In the copy, keep every word of the data below and none of its pictures.

***** Dataset content

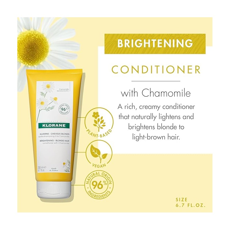 El Acondicionador Klorane a la Camomila es el paso esencial para sublimar el cabello rubio o castaño claro después del lavado. Su textura cremosa, fundente y rica en extracto de Camomila (Matricaria recutita L.), repara la fibra capilar, cierra las cutículas y desenreda el cabello al instante, dejándolo suave y ligero. El secreto de su eficacia reside en su alta concentración de apigenina, el pigmento natural de la camomila, que se fija en la superficie del cabello para iluminarlo con intensos reflejos dorados. Este bálsamo no solo embellece el color, sino que también nutre y restaura la suavidad del cabello seco o dañado, devolviéndole su flexibilidad y brillo natural. Es el aliado perfecto para cabellos rubios que tienden a enredarse o perder brillo. Su fórmula de alta tolerancia es adecuada para toda la familia (a partir de los 3 años) y para todo tipo de rubios: naturales, con mechas, teñidos o decolorados. Deja el cabello radiante, sedoso y lleno de luz.
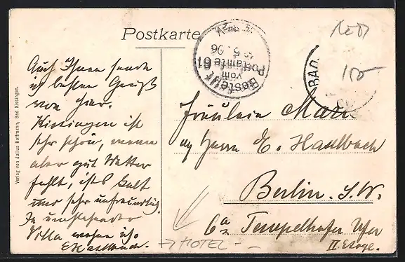 alte Ansichtskarte, gelaufen 1906, Briefmarke entfernt, rückseitig Oberflächenschaden, guter Zustand
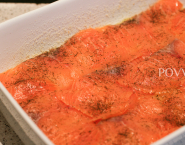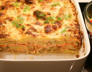 Snijd de gekookte aardappelen in wieltjes zoals eieren leg de eerste laagje van op de bodem van de ovenschaal. Bestrooi ze met zout, peper en dille en voeg nog een laag. Nu verdeel boven de aardappelen gelijkmatig de plakjes zalm. Nu de laag van aardappelen en breng deze ook op smaak met zout, peper en dille. Verdeel nu gelijkmatig de tweede laagje zalm. Nu weer een laagje aardappelen en breng ze terug op smaak met zout en peper en strooi de fijngesneden ui. Verdeel nu over de aardappelen de derde laagje zalm en doe op de top de laatste laagje met de resterende aardappelen. Breng ze nog op smaak met zout, peper en dille.

**********

● Your solution:
 El Acondicionador Klorane a la Camomila es el paso esencial para sublimar el cabello rubio o castaño claro después del lavado. Su textura cremosa, fundente y rica en extracto de Camomila (Matricaria recutita L.), repara la fibra capilar, cierra las cutículas y desenreda el cabello al instante, dejándolo suave y ligero. El secreto de su eficacia reside en su alta concentración de apigenina, el pigmento natural de la camomila, que se fija en la superficie del cabello para iluminarlo con intensos reflejos dorados. Este bálsamo no solo embellece el color, sino que también nutre y restaura la suavidad del cabello seco o dañado, devolviéndole su flexibilidad y brillo natural. Es el aliado perfecto para cabellos rubios que tienden a enredarse o perder brillo. Su fórmula de alta tolerancia es adecuada para toda la familia (a partir de los 3 años) y para todo tipo de rubios: naturales, con mechas, teñidos o decolorados. Deja el cabello radiante, sedoso y lleno de luz.
 alte Ansichtskarte, gelaufen 1906, Briefmarke entfernt, rückseitig Oberflächenschaden, guter Zustand
 Snijd de gekookte aardappelen in wieltjes zoals eieren leg de eerste laagje van op de bodem van de ovenschaal. Bestrooi ze met zout, peper en dille en voeg nog een laag. Nu verdeel boven de aardappelen gelijkmatig de plakjes zalm. Nu de laag van aardappelen en breng deze ook op smaak met zout, peper en dille. Verdeel nu gelijkmatig de tweede laagje zalm. Nu weer een laagje aardappelen en breng ze terug op smaak met zout en peper en strooi de fijngesneden ui. Verdeel nu over de aardappelen de derde laagje zalm en doe op de top de laatste laagje met de resterende aardappelen. Breng ze nog op smaak met zout, peper en dille.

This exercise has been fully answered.